» **TASK DESCRIPTION**:
Print the records below exactly, from the line containing "A gold half" down to the line containing "- Aleksander Minorski, Dzieci", both lines included, and omit every picture.

» **SUPPLIED DATA**:
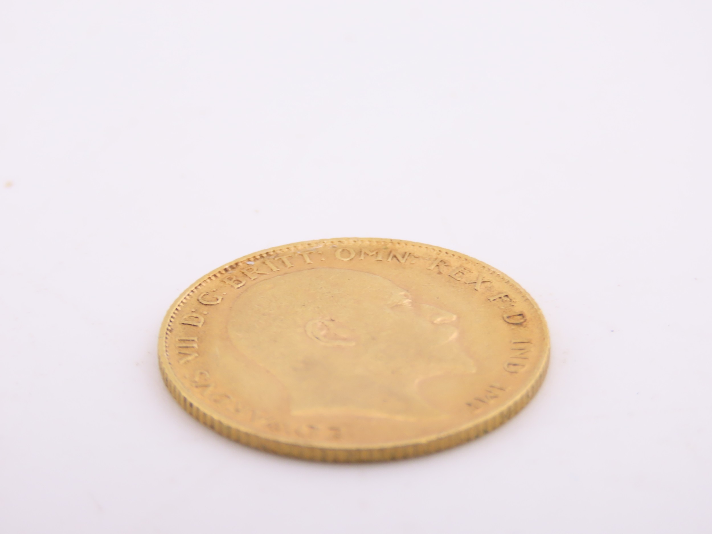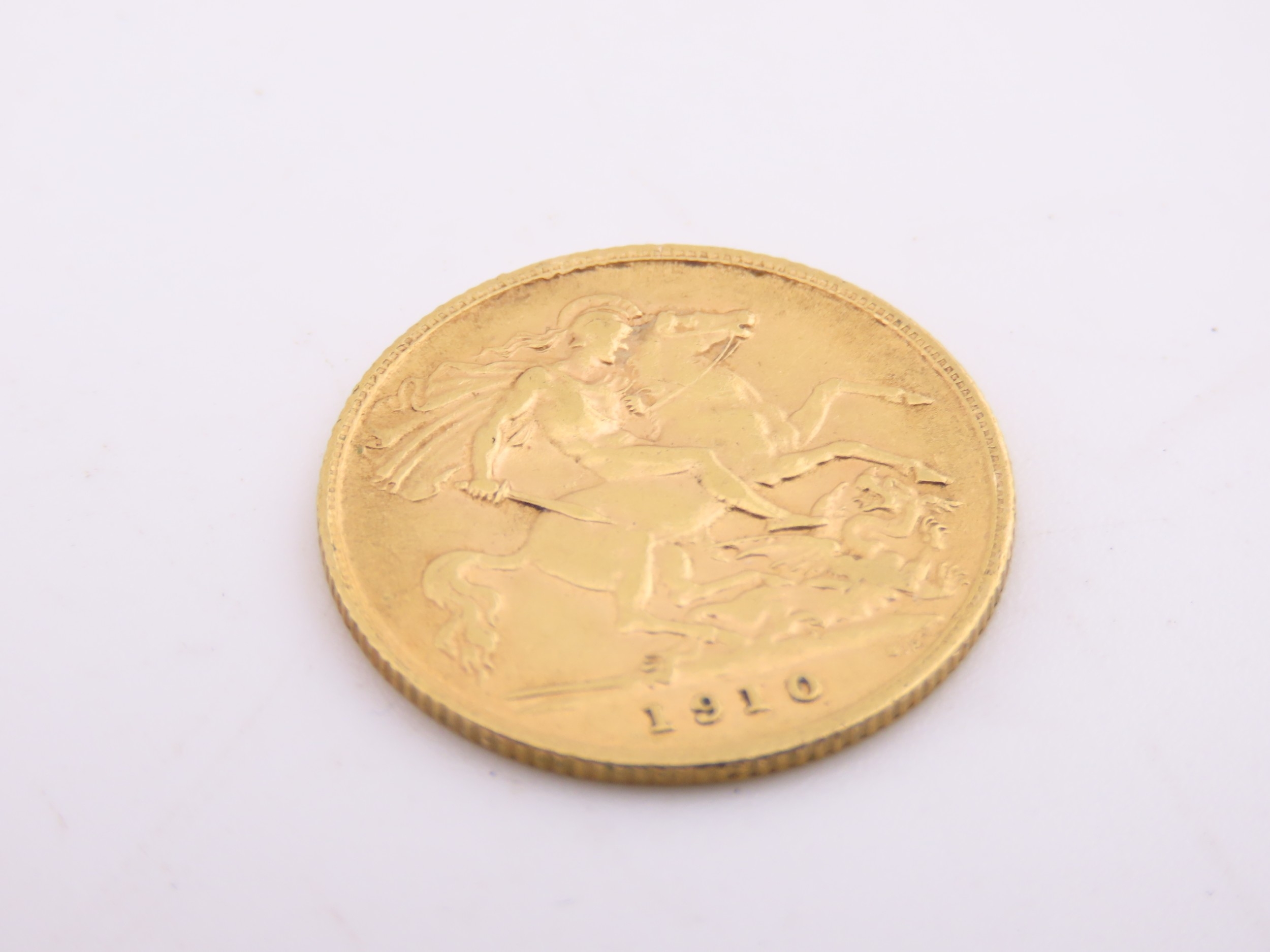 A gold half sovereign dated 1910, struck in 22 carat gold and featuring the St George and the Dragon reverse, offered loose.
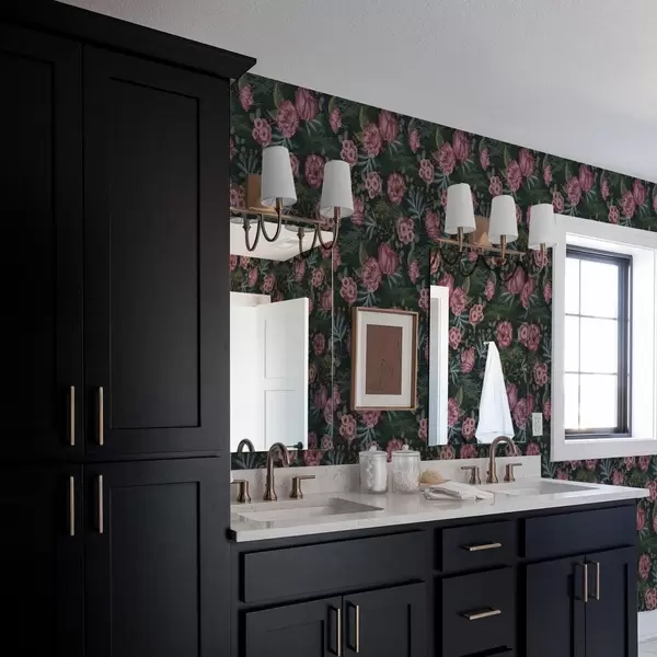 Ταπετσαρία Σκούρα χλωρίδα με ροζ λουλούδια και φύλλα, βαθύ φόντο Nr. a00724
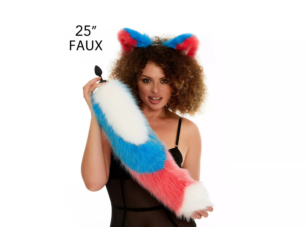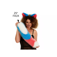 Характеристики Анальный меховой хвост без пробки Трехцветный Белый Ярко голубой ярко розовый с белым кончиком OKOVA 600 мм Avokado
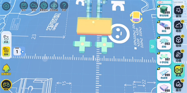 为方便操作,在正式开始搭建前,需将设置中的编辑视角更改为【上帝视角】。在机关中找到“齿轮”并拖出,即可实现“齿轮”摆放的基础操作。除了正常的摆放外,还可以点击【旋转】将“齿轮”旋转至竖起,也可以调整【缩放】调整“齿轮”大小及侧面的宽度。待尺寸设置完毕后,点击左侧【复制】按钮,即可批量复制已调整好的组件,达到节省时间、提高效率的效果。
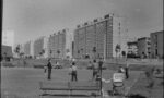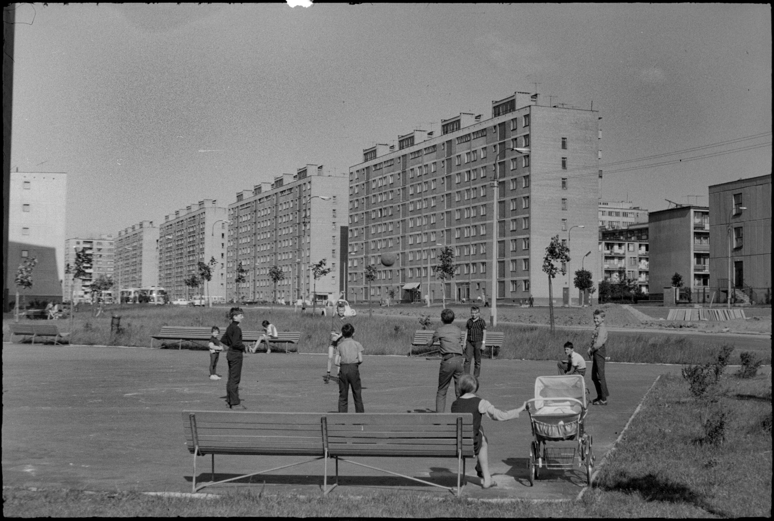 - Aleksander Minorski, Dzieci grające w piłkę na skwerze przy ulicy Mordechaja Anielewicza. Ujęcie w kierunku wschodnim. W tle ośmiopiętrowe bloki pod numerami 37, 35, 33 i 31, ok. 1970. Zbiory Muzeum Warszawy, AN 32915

==

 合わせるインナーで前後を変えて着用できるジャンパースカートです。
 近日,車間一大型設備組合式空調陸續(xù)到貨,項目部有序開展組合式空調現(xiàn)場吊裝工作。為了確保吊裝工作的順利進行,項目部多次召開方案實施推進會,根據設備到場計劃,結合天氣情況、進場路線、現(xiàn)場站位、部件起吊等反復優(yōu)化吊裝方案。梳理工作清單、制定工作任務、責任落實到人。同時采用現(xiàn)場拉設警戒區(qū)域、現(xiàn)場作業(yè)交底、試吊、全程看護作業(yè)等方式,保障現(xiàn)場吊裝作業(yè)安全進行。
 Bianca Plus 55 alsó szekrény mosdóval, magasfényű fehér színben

...

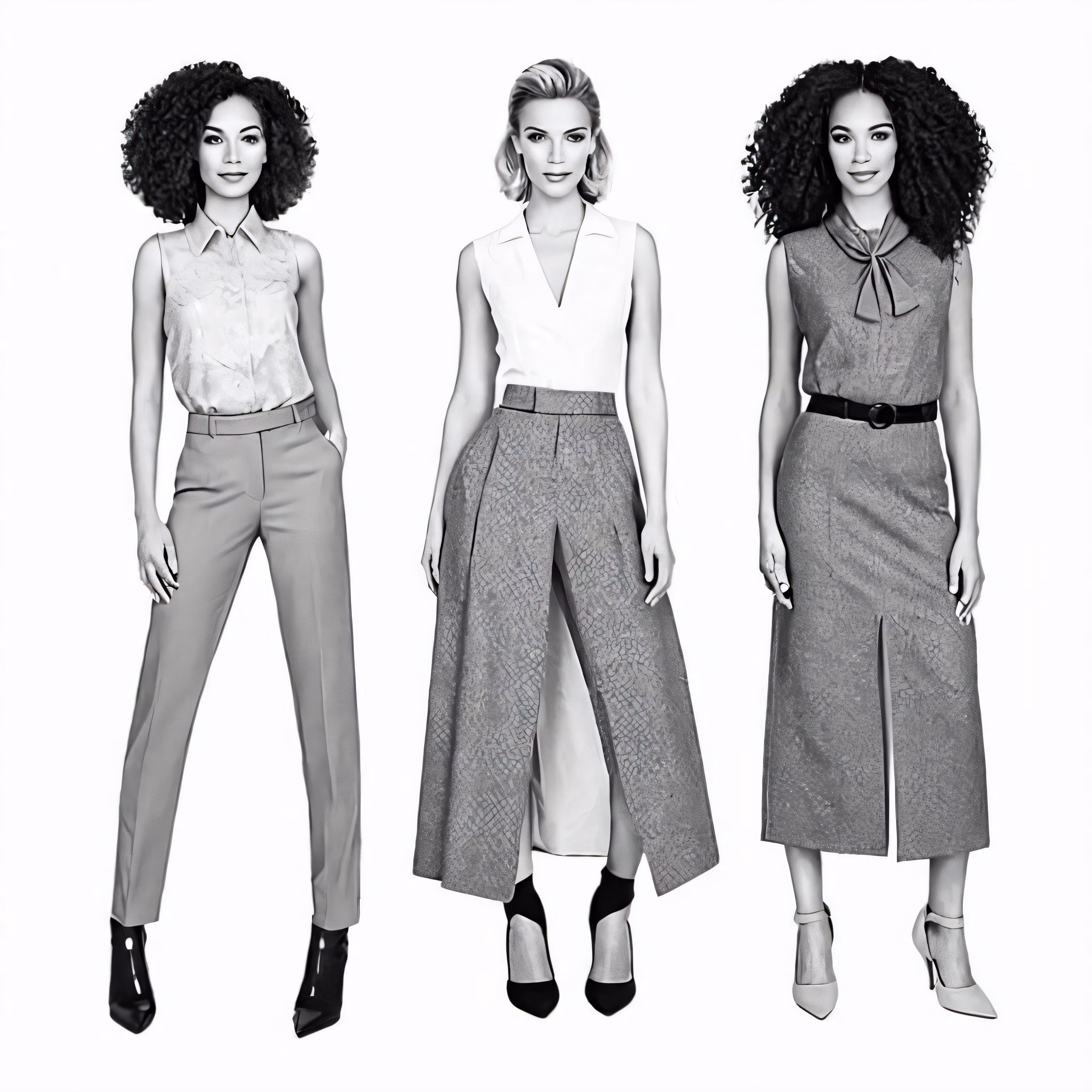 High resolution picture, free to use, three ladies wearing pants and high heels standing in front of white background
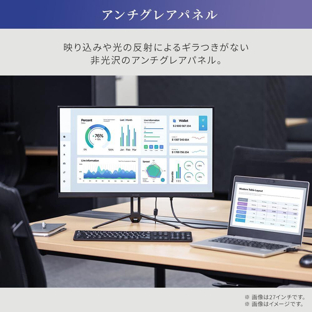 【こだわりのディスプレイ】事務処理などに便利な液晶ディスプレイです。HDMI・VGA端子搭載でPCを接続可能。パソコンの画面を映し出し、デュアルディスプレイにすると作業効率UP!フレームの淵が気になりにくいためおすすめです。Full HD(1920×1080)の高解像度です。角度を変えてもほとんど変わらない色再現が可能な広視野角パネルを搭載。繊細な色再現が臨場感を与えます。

» **ANSWER**:
 A gold half sovereign dated 1910, struck in 22 carat gold and featuring the St George and the Dragon reverse, offered loose.
 Ταπετσαρία Σκούρα χλωρίδα με ροζ λουλούδια και φύλλα, βαθύ φόντο Nr. a00724
 Характеристики Анальный меховой хвост без пробки Трехцветный Белый Ярко голубой ярко розовый с белым кончиком OKOVA 600 мм Avokado
 为方便操作,在正式开始搭建前,需将设置中的编辑视角更改为【上帝视角】。在机关中找到“齿轮”并拖出,即可实现“齿轮”摆放的基础操作。除了正常的摆放外,还可以点击【旋转】将“齿轮”旋转至竖起,也可以调整【缩放】调整“齿轮”大小及侧面的宽度。待尺寸设置完毕后,点击左侧【复制】按钮,即可批量复制已调整好的组件,达到节省时间、提高效率的效果。
 - Aleksander Minorski, Dzieci grające w piłkę na skwerze przy ulicy Mordechaja Anielewicza. Ujęcie w kierunku wschodnim. W tle ośmiopiętrowe bloki pod numerami 37, 35, 33 i 31, ok. 1970. Zbiory Muzeum Warszawy, AN 32915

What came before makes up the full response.